A spikelet, in botany, describes the typical arrangement of the inflorescences of grasses, sedges and some other monocots.

Each spikelet has one or more florets. The spikelets are further grouped into panicles or spikes. The part of the spikelet that bears the florets is called the rachilla.

==In grasses==
In Poaceae, the grass family, a spikelet consists of two (or sometimes fewer) bracts at the base, called glumes, followed by one or more florets. A floret consists of the flower (consisting of an ovary, two stigmas, and three anthers) surrounded by two bracts, one external (the lemma) and one internal (the palea). The perianth is reduced to two scales, called lodicules, that expand and contract to spread the lemma and palea; these are generally interpreted to be modified sepals. When threshed, the lemma and palea of most species of oat stay bonded to the seed.

The flowers are usually hermaphroditic — maize being an important exception — and mainly anemophilous or wind-pollinated, although insects occasionally play a role. The market grade of an oat crop is based on the color of the lemma, whether it be white, gray, yellow, brown, black, or red.

===Lemma===

Lemma is a phytomorphological term referring to a part of the spikelet.

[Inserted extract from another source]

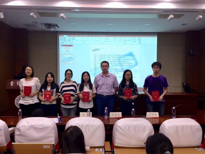 最后,评比结果由在场老师和同学投票产生。经过评选,“新兴产业密室逃脱在南方地区的发展趋势调研”团队、“看两岸历史关系,探访台湾首任巡抚刘铭传故居”团队获得一等奖,“嘉兴红色旅游发展现状”团队和“生也沙丘,死也沙丘,追忆焦裕禄精神”团队获得二等奖,另有四支团队获得三等奖,四支团队获得优胜奖。亓海啸老师为获奖团队颁发了奖状和证书并合影留念。

It is the lowermost of two chaff-like bracts enclosing the grass floret. The lemma often bears a long bristle called an awn, and may be similar in form to the glumes, which are chaffy bracts at the base of each spikelet. It is usually interpreted as a bract but it has also been interpreted as one remnant (the abaxial) of the three members of outer perianth whorl (the palea may represent the other two members, having been joined together).

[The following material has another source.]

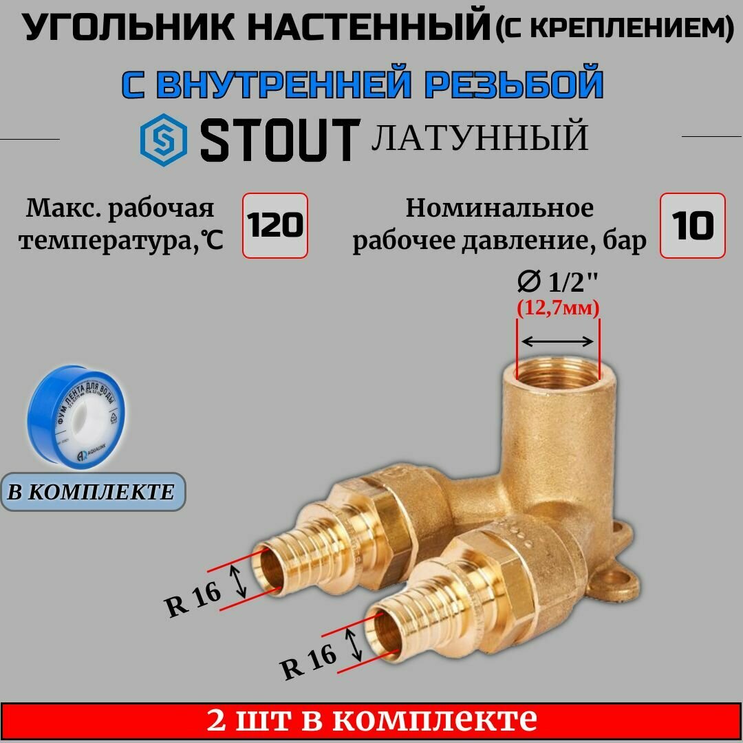 STOUT SFA-0039-001612 Проточный настенный угольник 16x1/2" для труб из сшитого полиэтилена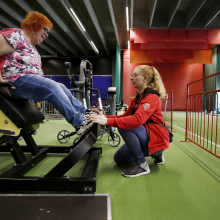 “Ryhmissä teemme tuolijumppaa ja tasapainoharjoitteita. Yksityisasiakkaitteni kanssa käymme asiakkaan kunnosta riippuen kävelylenkeillä, kuntosalilla tai suunnittelen heille porrastreenin”, Närvä kertoo.

The lemmas' shape, their number of veins, whether they are awned or not, and the presence or absence of hairs are particularly important characters in grass taxonomy.

===Palea===

Palea, in Poaceae, refers to one of the bract-like organs in the spikelet.

The palea is the uppermost of the two chaff-like bracts that enclose the grass floret (the other being the lemma). It is often cleft at the tip, implying that it may be a double structure derived from the union of two separate organs. This has led to suggestions that it may be what remains of the grass sepals (outer perianth whorl): specifically the two adaxial members of the three membered whorl typical of monocots. The third member may be absent or it may be represented by the lemma, according to different botanical interpretations.

The perianth interpretation of the palea is supported by the expression of MADS-box genes in this organ during development, as is the case in sepals of eudicot plants.

===Lodicule===
A lodicule is the structure that consists of between one and three small scales at the base of the ovary in a grass flower that represent the corolla, believed to be a rudimentary perianth. The swelling of the lodicules forces apart the flower's bracts, exposing the flower's reproductive organs.